The investment broker who gets you to your golden years may not be the right one to get you through them. Let’s say you get a call from your financial salesperson who is concerned that markets are significantly overvalued and they have decided to move half of your portfolio to a cash position. They may be giving the same blanket advice to all of their clients approaching the end of their working years as well as those who are already taking an income from their nest egg. At first, your reaction might be, “OK, that might be a good move.” But, in fact, it might not be a such a good guess. If that’s the case, you might consider an income advisor.
Yes, even if you have a good relationship with your financial salesperson perhaps especially if you do, now is the time to consider: Is this person helping me to prepare for later in life really the best person to get you through that period? The answer often quite frankly, is no.
For the past 30 years, the majority of financial salespersons have been doing primarily one thing: helping millions of baby boomers build a nest egg. That’s good. We’ve needed that help.
Problem is, the distribution phase, the time when you withdraw funds, makes the accumulation part look like child’s play. When you’re working, your paycheck allows you to ride out periodic declines in your investments. But once you stop working, you can’t afford a portfolio or an advisor that asks you to ride out the corrections and bear markets.
Take our starting example of a nest egg with half of its holdings in cash. If you’re stopped working and were pulling a steady 4 percent from your nest egg each year (traditionally considered a safe withdrawal rate), and if the return on the cash portion of your portfolio is zero, you end up losing 4 percent on that chunk of nest egg. But if your financial salesperson invests that same money a fixed instrument and can get close to a 4 percent return you aren’t eating into your principal. It’s the difference between a total return manager and an income advisor.
The former, which best describes the bulk of financial salespersons today, puts your money in the markets, diversifies, shifts it around a little if they think they can get a better return, and waits. That "buy and hold" strategy works well if you have a long time horizon and don’t need the money. However, for the next 20 to 30 years, in the distribution phase, still growing your portfolio regardless of market conditions, reducing taxes, and producing an income...? Now, that's a tall order if not an impossible task considering the operating expenses, administrative fees, and commissions being withdrawn from your nest egg regardless of the rate of return.
Are there enough advisors with this type of income planning expertise? An obese possibility, most investors, no matter what stage of life they’re in, get the same old dead "buy and hold" financial strategies. We aren’t recommending you dump your advisor tomorrow, but if you are approaching the end of your working years you should be asking some serious questions like how can we create income when I stop working?
What you don’t want to from your financial salesperson is simply attaching an automatic four percent distribution strategy to your nest egg, adjusted annually for inflation. If you’re unlucky enough to stop working into a lengthy bear market, your nest egg could expire long before you do.
Experts recommend getting your financial salesperson to articulate their strategy for sheltering your money in worst case scenarios. Here is what you want to say to your advisor about potential sources of income for when the next economic calamity hits, when it does. What does my portfolio look like if markets fall 50 percent? How would I get distributions? What guaranteed streams of revenue are built in? These answers are not something to learn after the fact.
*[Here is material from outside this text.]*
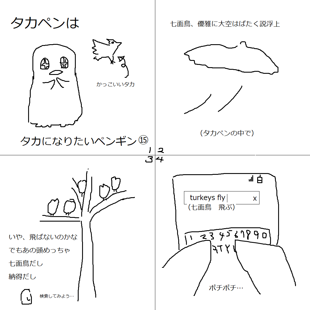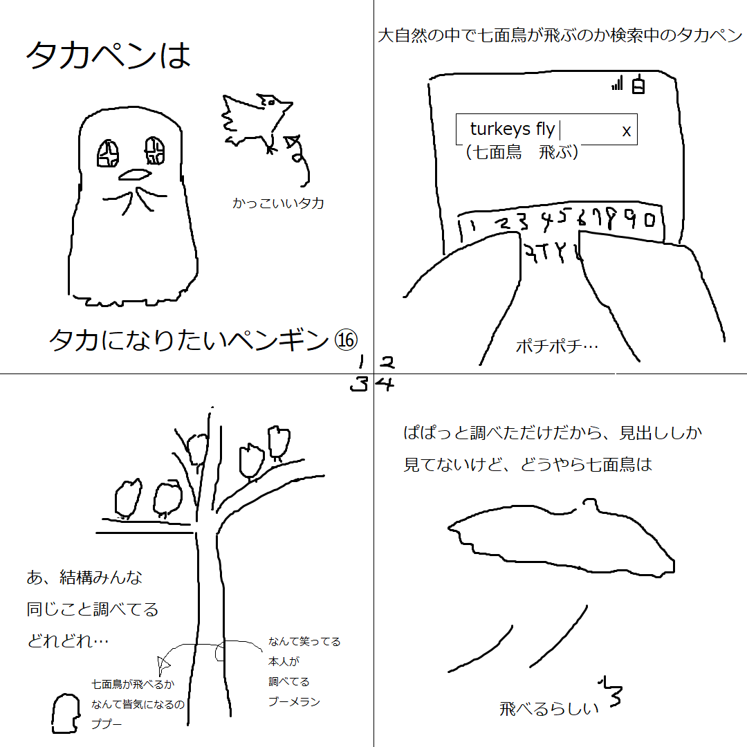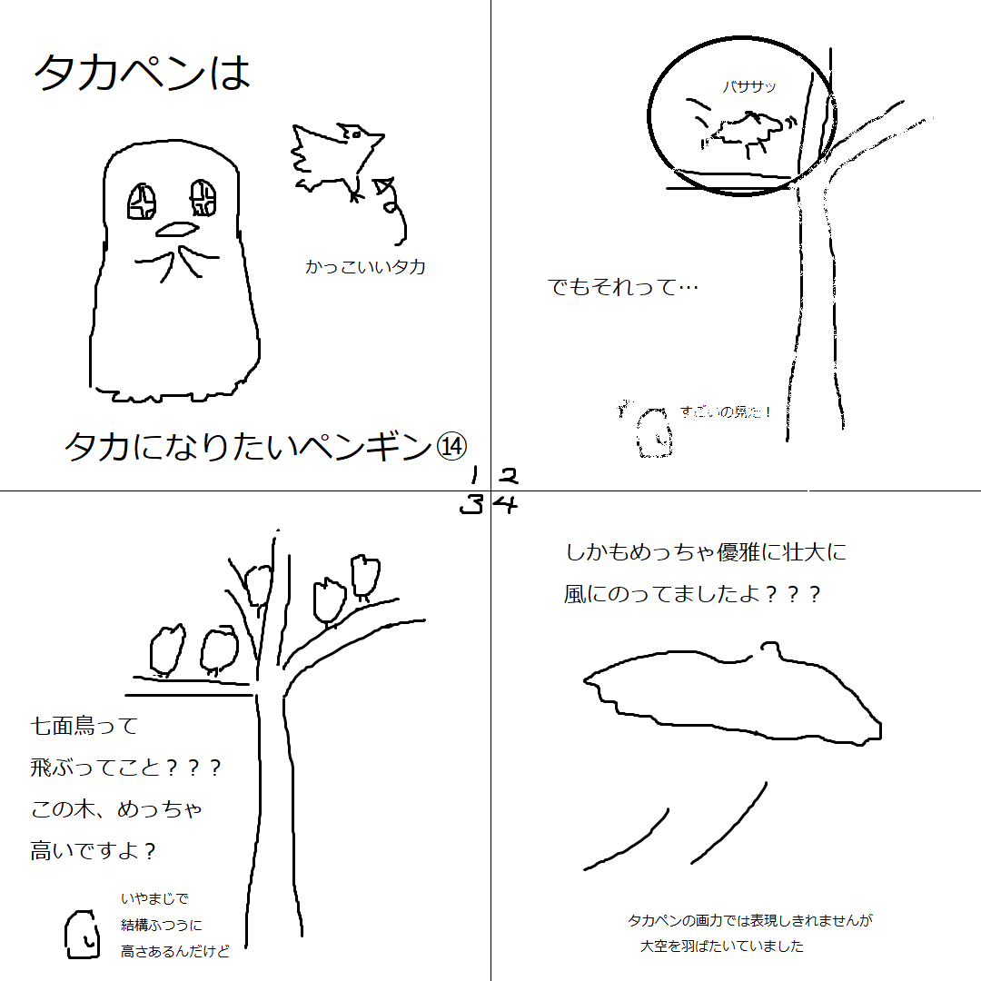 【四コマ漫画】タカペンはタカになりたいペンギン13~16

Have you put my portfolio through a stress test? As part of a recent study, two mutual funds were compared, each with a starting investment of $100,000. The two funds, over the course of a decade, had identical annualized returns of 5 percent, but when he applied a real world test to each withdrawing $5,000 at the end of each year the two funds they had very different ending balances: approximately $68,000 and $101,000, respectively. The former, as it turns out, had steep losses early in the 10 year period. The lesson?.. A nest egg can look quite good on paper, but when you subject it to stress (withdrawals, different levels of inflation, taxes), that’s when you see just how durable a portfolio really is.
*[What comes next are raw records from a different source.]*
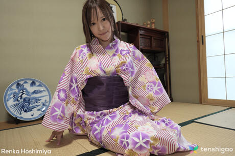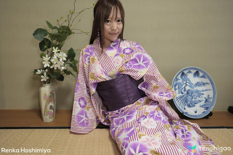 Tenshigao: Perfect Asian Renka Hoshimiya highlights her hot ass and spreads her pussy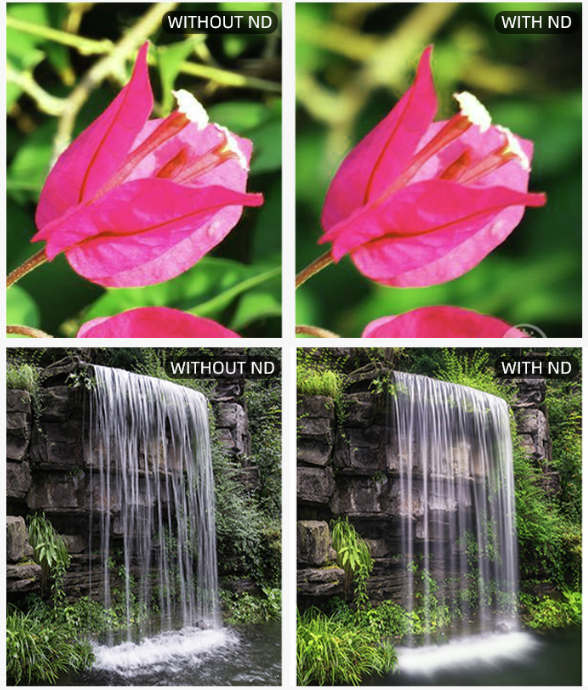 ND filter zagotavlja učinkovito zmanjšanje bleščanja, tako da lahko preprosto posnamete posnetke z realističnimi barvami in odličnim kontrastom. Pomaga vam tudi pri nadzoru nastavitev osvetlitve fotoaparata pri fotografiranju ali snemanju na prostem, saj ponuja 3, 4, 5 ali 6 stopenj kompenzacije za zmanjšanje količine svetlobe, ki vstopa skozi objektiv.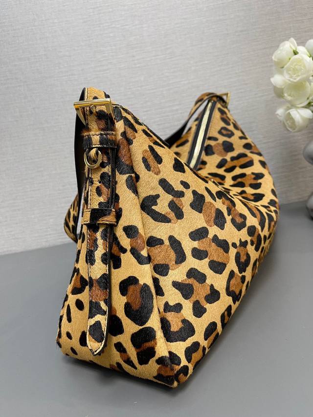 / 顶级原单 新款豹纹皮 大号39Cm 1Bc228手袋到货啦单肩包的设计灵感源自对hobo廓形的探索,线条柔美,颇具现代感,采用马毛皮工艺,超级百搭,背法很多,婉

Of course, whether you realize it or not, you’ve almost surely been down this road before. When you were young, a family pediatrician or, say, a high school coach provided the help you needed when it came to your health or developing your athletic skills. But once you moved beyond those years, you needed doctors and mentors with different, and sometimes more sophisticated, abilities. This same kind of thinking applies to your income when you stop working.